Migranti, i sindacati lanciano l’allarme sull’accoglienza

Le coop non hanno partecipato al bando e l'hanno garantita fino al 30 giugno. Cgil, Cisl e Uil chiedono un incontro con prefetto, Confcooperative e Comuni

REGGIO EMILIA – Un incontro urgente con i Comuni, la Prefettura e Confcooperative, per sbrogliare la matassa dell’accoglienza dei migranti, a Reggio Emilia ad oggi garantita solo fino al 30 giugno. L’iniziativa parte da Cgil, Cisl, e Uil provinciali, dopo il forfait delle coop sociali a partecipare al bando della Prefettura, ritenuto insostenibile per il taglio delle risorse del 40% imposto dal ministero dell’Interno ai servizi per i richiedenti asilo.

Mentre il prefetto reggiano Maria Forte ipotizza una negoziazione con i soggetti fino ad oggi titolari dell’accoglienza (prevista dall’articolo 57 del codice degli appalti, ndr) i sindacati confederali esprimono “forte preoccupazione” per la situazione sul territorio e i suoi effetti. Che non solo “investono in prima istanza le persone piu’ vulnerabili, cioe’ i richiedenti asilo”, ma “impattano anche sui livelli occupazionali dei soggetti che hanno fin qui garantito la gestione dell’accoglienza”.

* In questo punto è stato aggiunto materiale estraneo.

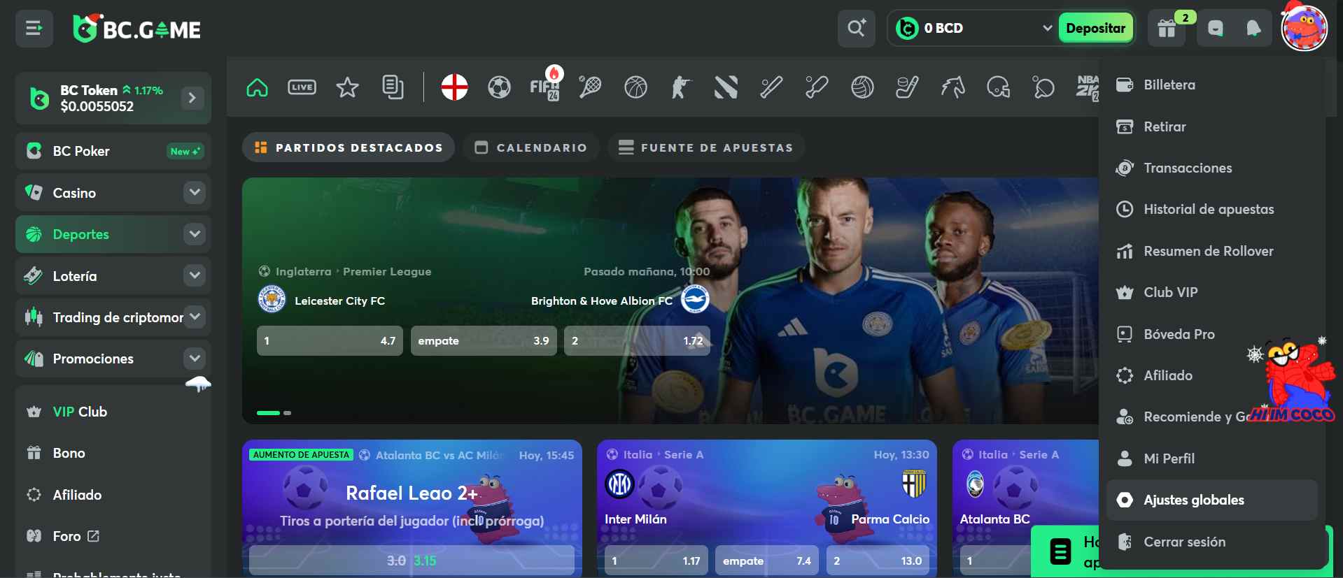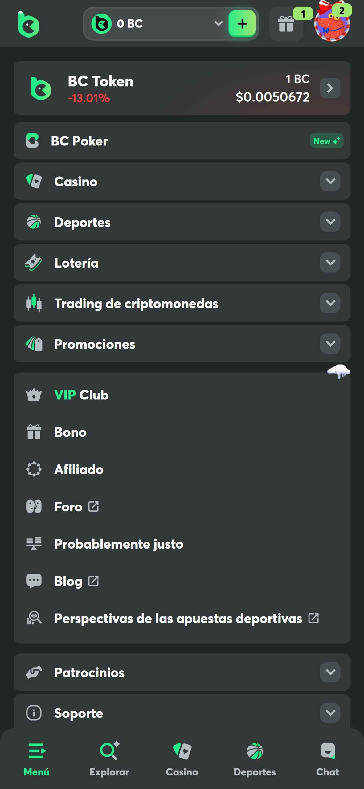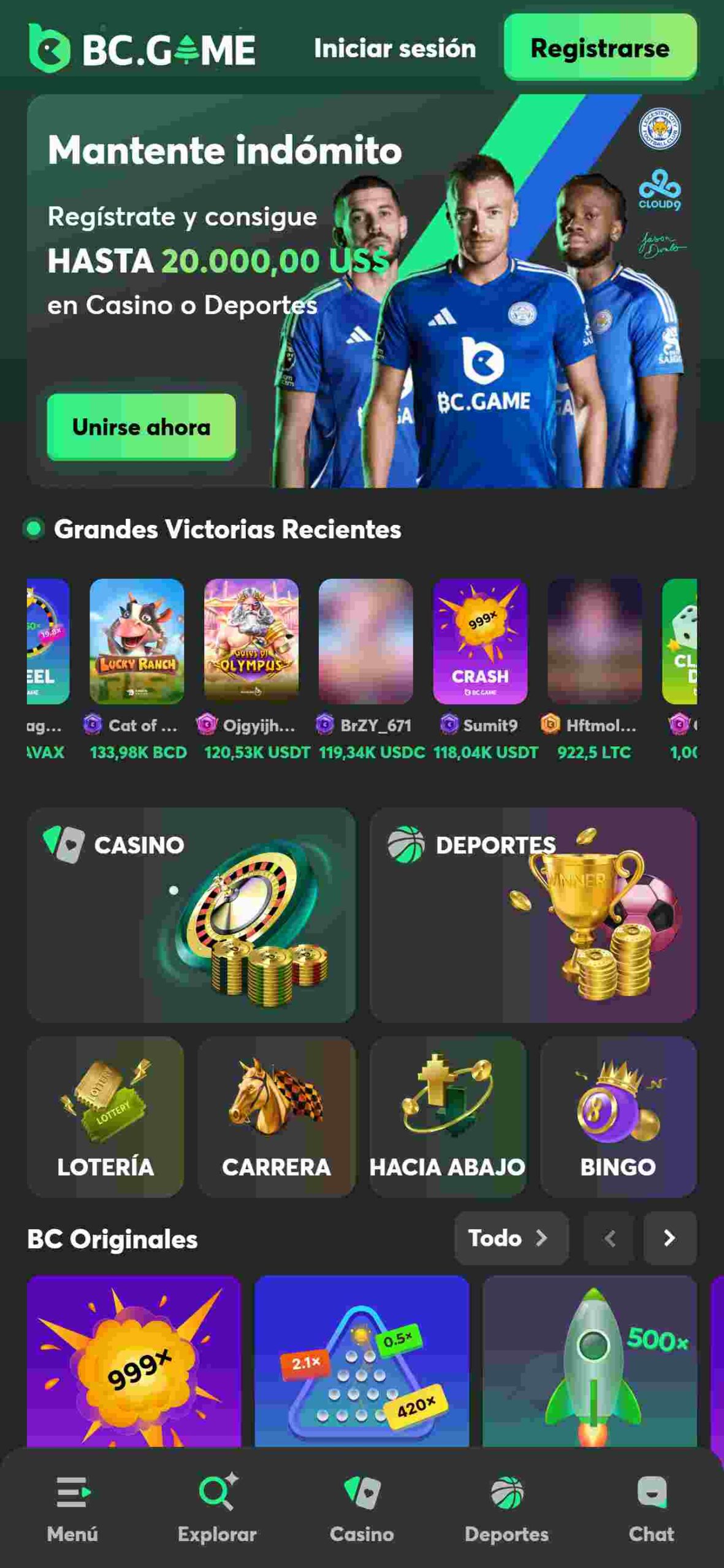 BC.Game no tiene uno de los diseños más originales de todo, pero lo que sí resulta ser es intuitivo. La plataforma cuenta un menú principal de navegación, lo que facilita la experiencia, permitiendo que el usuario indague en las distintas secciones de manera rápida y sin complicaciones.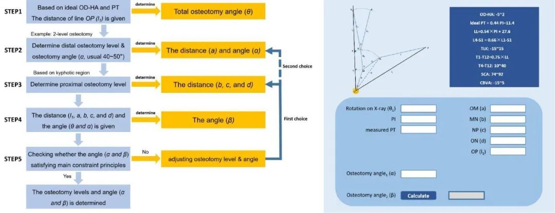 徐帅课题组认为当前对于AS截骨矫形术前规划仍较为复杂且难以量化,团队在总结学习大量前人经验的基础上,通过反复临床实践,提出以下思考:(1)AS患者最终是要恢复整体平衡、重建局部序列和视觉满意三个重要条件,那么满足三个条件的指标是什么?(2)整体平衡重建的前提是恢复骨盆中立位,如何通过X线上矢状位参数和最终平衡参数计算躯干总体旋转(以股骨头为旋转中心)角度?(3)躯干总体旋转角度与截骨位置和截骨角度(以双节段截骨为例)密切相关且必然存在几何关联,如何通过函数运算建立局部与整体的关系是本方案面临的关键理论问题。(4)如何将算法隐藏且只需要为专科提供简便清晰的操作界面?(5)在上述基础上,如何将操作界面升级转化为软件平台,进一步体现该方案的一站式运算优势,这是本方案需解决的关键技术问题。
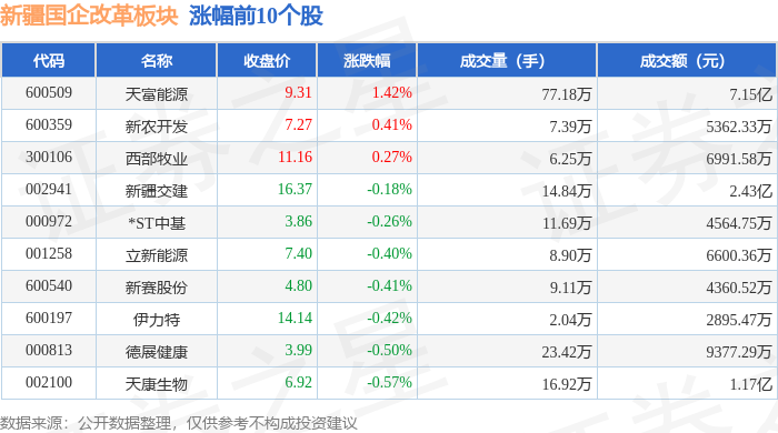 从资金流向上来看,当日新疆国企改革板块主力资金净流出1.05亿元,游资资金净流入4937.69万元,散户资金净流入5599.64万元。新疆国企改革板块个股资金流向见下表:

Per effetto delle nuove norme, sottolineano Cgil, Cisl e Uil, “e’ drasticamente diminuito il numero delle ore di lavoro dedicate ai servizi, e’ stato ridotto da 35 euro a circa 21 euro lordi pro capite la spesa per l’accoglienza di ciascun migrante al giorno” e tagliata la presenza oraria di medici, infermieri e mediatori linguistici (in quest’ultimo caso da 108 ore a settimana a sole 24). La legge, viene ricordato, “supera poi il sistema Spraar, modello diffuso di accoglienza e di possibile integrazione, ora limitato ai soli minori stranieri non accompagnati e ai soggetti ai quali e’ gia’ stato riconosciuto lo status di protezione internazionale”.

I sindacati chiedono un confronto “per definire percorsi utili a garantire la continuita’ del soggiorno e del percorso d’integrazione cosi’ pesantemente messi in discussione”. Un altro “rischio concreto – infine – e’ quello di perdere preziose professionalita’ nel campo dell’integrazione dei richiedenti asilo, limitando di fatto l’attivita’ degli operatori alla sola vigilanza e distribuzione del vitto”. Con l’ulteriore rischio, concludono le tre organizzazioni, “di licenziamenti di lavoratrici e lavoratori che non godono neanche di ammortizzatori sociali come la cassa integrazione, non previsti per i loro profili”.

Sul tema interviene intanto Lanfranco De Franco, esponente di Articolo 1-Mdp, e promotore della lista civica Reggio e’. “Era chiaro fin dall’inizio che i criteri di questo bando, perno del ‘decreto insicurezza’ avrebbero colpito ed erano una polpetta avvelenata per la buona accoglienza che funziona sul nostro territorio”, dice De Franco. Confidando quindi nell’azione del prefetto, “per tappare un buco aperto da una normativa nazionale vergognosa, voluta da un ministro che e’ quanto di piu’ lontano ci sia dalla mia sensibilita’ politica e personale”.